You can't reuse the project name, even if you delete the project.
To create a text labeling project, for Media type, select Text.
For Labeling task type, select an option for your scenario:
- To apply only a single label to each piece of text from a set of labels, select Text Classification Multi-class.
- To apply one or more labels to each piece of text from a set of labels, select Text Classification Multi-label.
- To apply labels to individual text words or to multiple text words in each entry, select Text Named Entity Recognition.
Select Next to continue.
Add workforce (optional)
Select Use a vendor labeling company from Azure Marketplace only if you've engaged a data labeling company from Azure Marketplace. Then select the vendor. If your vendor doesn't appear in the list, clear this option.
Make sure that you first contact the vendor and sign a contract. For more information, see Work with a data labeling vendor company (preview).
Select Next to continue.
Select or create a dataset
If you already created a dataset that contains your data, select it in the Select an existing dataset dropdown. You can also select Create a dataset to use an existing Azure datastore or to upload local files.
Note
A project can't contain more than 500,000 files. If your dataset exceeds this file count, only the first 500,000 files are loaded.
Create a dataset from an Azure datastore
In many cases, you can upload local files. However, Azure Storage Explorer provides a faster and more robust way to transfer a large amount of data. We recommend Storage Explorer as the default way to move files.
To create a dataset from data that's already stored in Blob Storage:
- Select Create.
- For Name, enter a name for your dataset. Optionally, enter a description.
- Choose the Dataset type:
- If you're using a .csv or .tsv file and each row contains a response, select Tabular.
- If you're using separate .txt files for each response, select File.
- Select Next.
- Select From Azure storage, and then select Next.

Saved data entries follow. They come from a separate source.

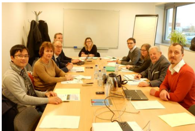
Comité territorial de la Somme - 7 décembre 2017

Pour faciliter la participation de ses membres, les comités territoriaux privilégient des lieux de réunion différents sur le territoire.
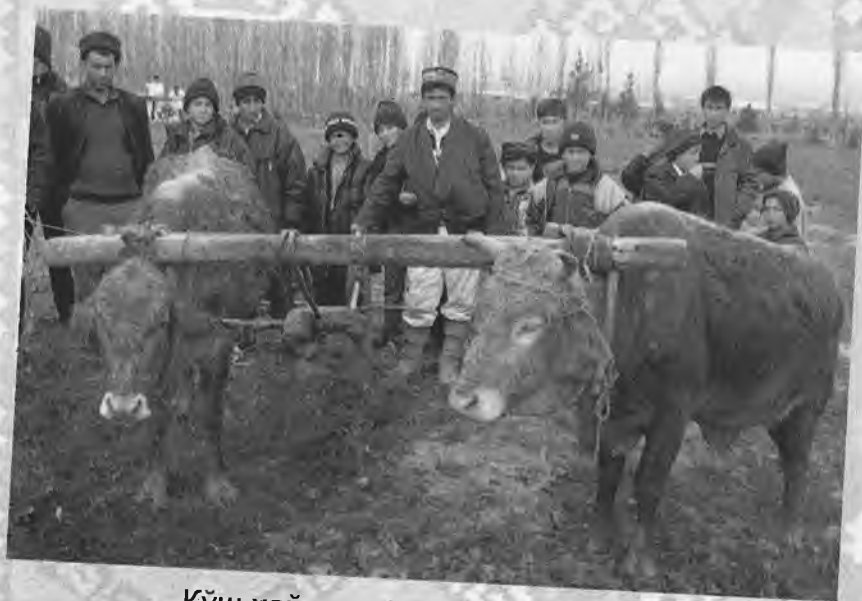
Қўш ҳайдаш маросимидан лавҳа
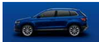
ENERGY BLUE UNI
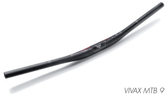
VIVAX MTB 9° ○
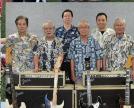
ミッドシャインズ
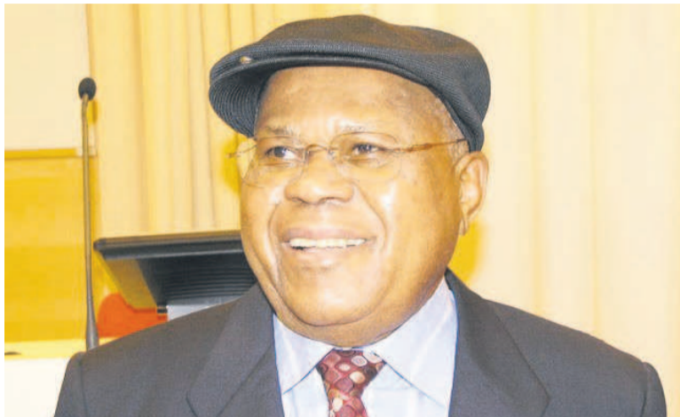
Etienne Tshisekedi entré au panthéon de l'histoire congolaise

L'ordonnance y afférent a été signé, le 31 mai à Kinshasa, par le chef de l'Etat, Félix-Antoine Tshisekedi Tshilombo.
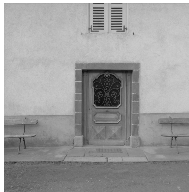
Porte d'entrée du logis. IVR82_20034200953X
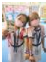
Welcoming P.1 Kids

The school highly values the importance of positive classroom language and learning environment. Students are immersed in an encouraging and loving language environment.
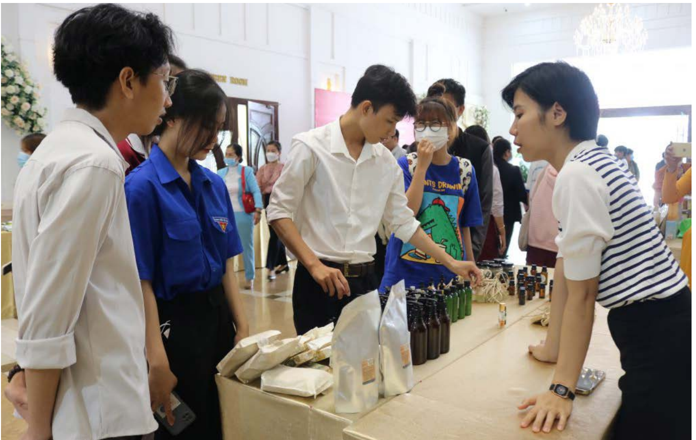
Nhà đầu tư giữ góc nhìn lạc quan về hệ sinh thái khởi nghiệp Việt Nam (trong ảnh: giới thiệu về sản phẩm khởi nghiệp ở Đồng Nai)

ảnh hưởng bởi tác động sâu sắc của cuộc khủng hoảng toàn cầu. Năm 2022, vốn đầu tư mạo hiểm vào Việt Nam giảm mạnh 56% so với năm 2021, nhưng tăng 41% so với năm 2020. Tuy nhiên, số lượng thương vụ tăng lên vào cuối năm cho thấy hoạt động đầu tư vẫn tiếp tục với tốc độ ổn định dù giá trị trung bình mỗi thương vụ giảm đi.
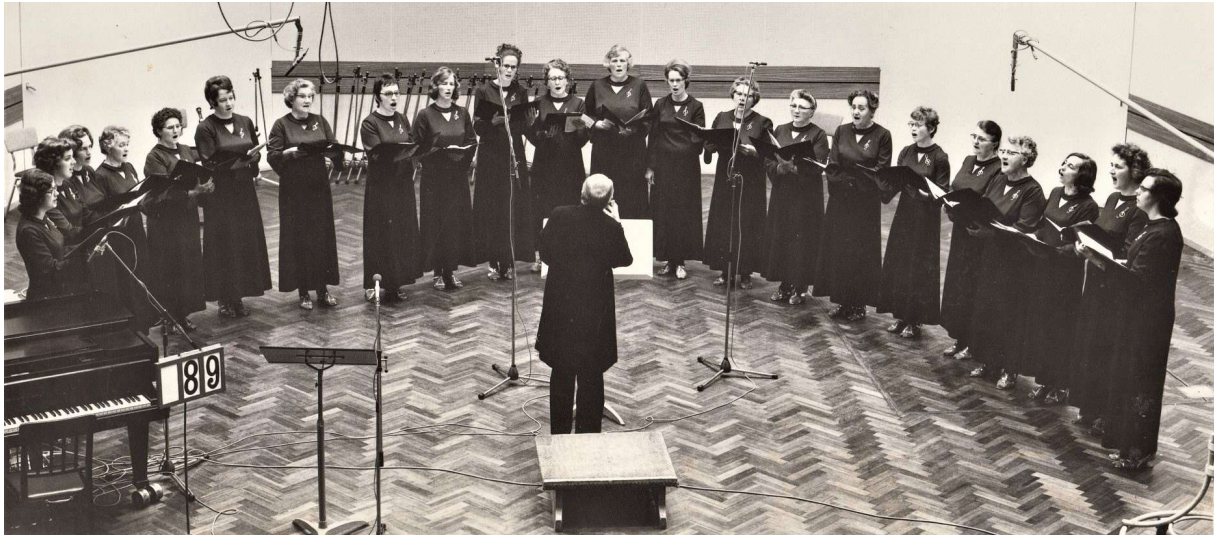
Belcanto in 1979 in een optreden voor de AVRO.
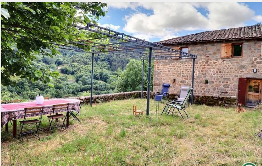
Crédit photo : Maison Léonard avec une vue magnifique (Gîtes de France)
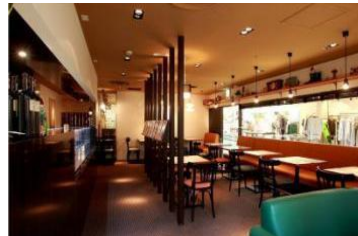
完成イメージ(当社実績 LCAFE) / サンプルラボ様

工事完了・物件引き渡し。スタッフの面接。厨房機器の設営。 イス・テーブルや内装詳細部分の設営。 2週間前からスタッフが入り、オープンシュミレーションを行います。
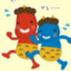
節分レクリエーション
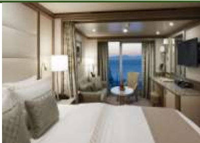
Classic Veranda Suite
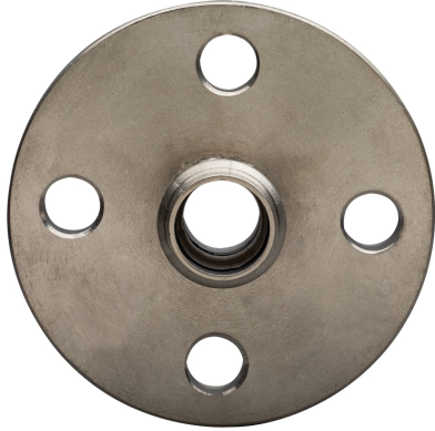
Manicotto femmina flangiato PN10/16.
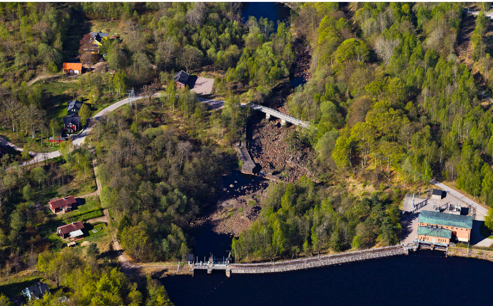
Flygfoto 2011 över Nissaström.

Produktionen av pappersmassa upphörde 1967, men återupptogs 1969 då ett norskt företag arrenderade maskinerna. Detta norska företag fortsatte med produktionen fram till den 29 december 1978. Personalstyrkan de sista åren var bara 5-7 man, vilket kan jämföras med 1930-talet då bruket hade drygt ett hundratal anställda.
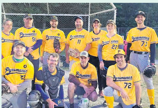
Les pyromanes sont une des sept équipes de la ligue.

Apparue dans le décor cap-chatien il y a trois ans, l'intérêt n'a jamais cessé de croître alors que des mordus de balle molle de tous âges se donnent rendez-vous toutes les semaines, les mercredis et jeudis, dans une atmosphère de compétition amicale. La prochaine saison débutera le 11 juin pour se terminer le 11 septembre. Les règlements sont les mêmes que l'an dernier et la formule participative reste à l'honneur.
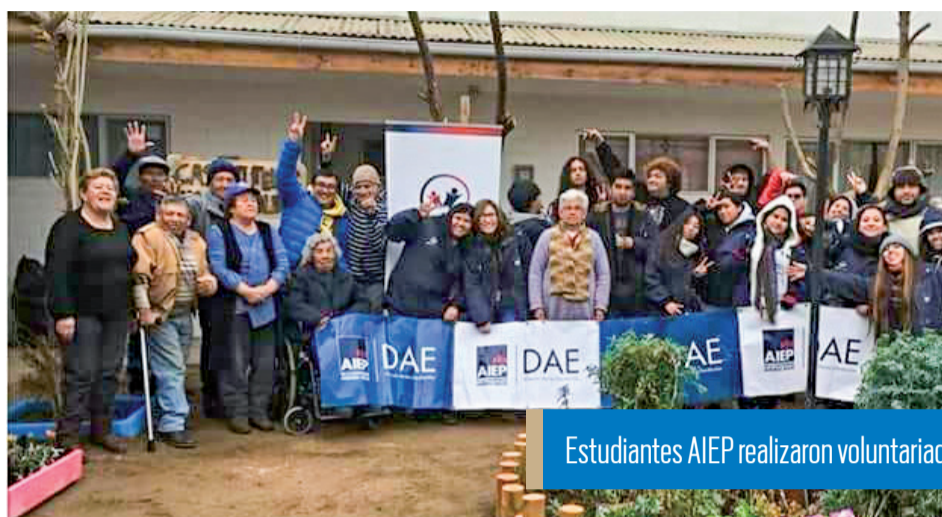
Estudiantes AIEP realizaron voluntariado a viviendas de adultos mayores.
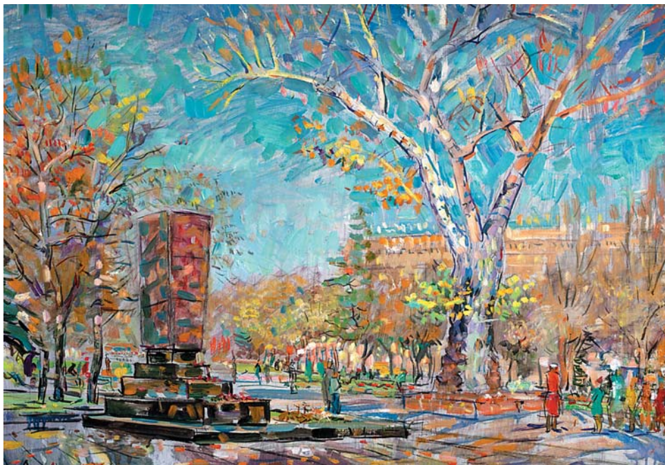
В.Н.Лосев. Волгоград. 1989, к., м., 630x880
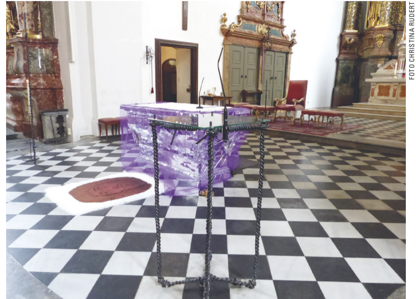
Een kleurige altaartafel in de St. Andräkirche in Graz.

Alle partners hebben van 4 tot 7 mei 2017 Den Haag bezocht. Kerk in Den Haag heeft toen haar 'leermodule' gepresenteerd in de vorm van deze bijlage van het maandblad. Ook zijn de drie betrokken kerken bezocht. (pg)
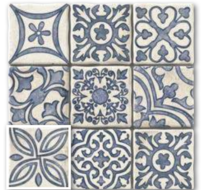
▲ MONZA BLU 20x20 (M-220) 8"x8"
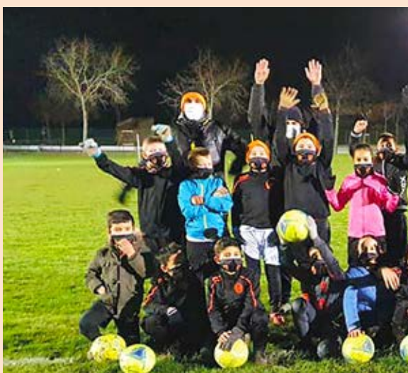
Avec les masques certes, mais le plaisir de se retrouver pour les U10 et U11 du Football Club Portois. 06-01-2021

- Select the datastore, and then select Next.
- If your data is in a subfolder within Blob Storage, choose Browse to select the path.
- To include all the files in the subfolders of the selected path, append
/**
to the path. - To include all the data in the current container and its subfolders, append
**/*.*
to the path.
- To include all the files in the subfolders of the selected path, append
- Select Create.
- Select the data asset you created.
Create a dataset from uploaded data
To directly upload your data:
- Select Create.
- For Name, enter a name for your dataset. Optionally, enter a description.
- Choose the Dataset type:
- If you're using a .csv or .tsv file and each row contains a response, select Tabular.
- If you're using separate .txt files for each response, select File.
- Select Next.
- Select From local files, and then select Next.
- (Optional) Select a datastore. The default uploads to the default blob store (workspaceblobstore) for your Machine Learning workspace.
- Select Next.
- Select Upload > Upload files or Upload > Upload folder to select the local files or folders to upload.
- Find your files or folder in the browser window, and then select Open.
- Continue to select Upload until you specify all of your files and folders.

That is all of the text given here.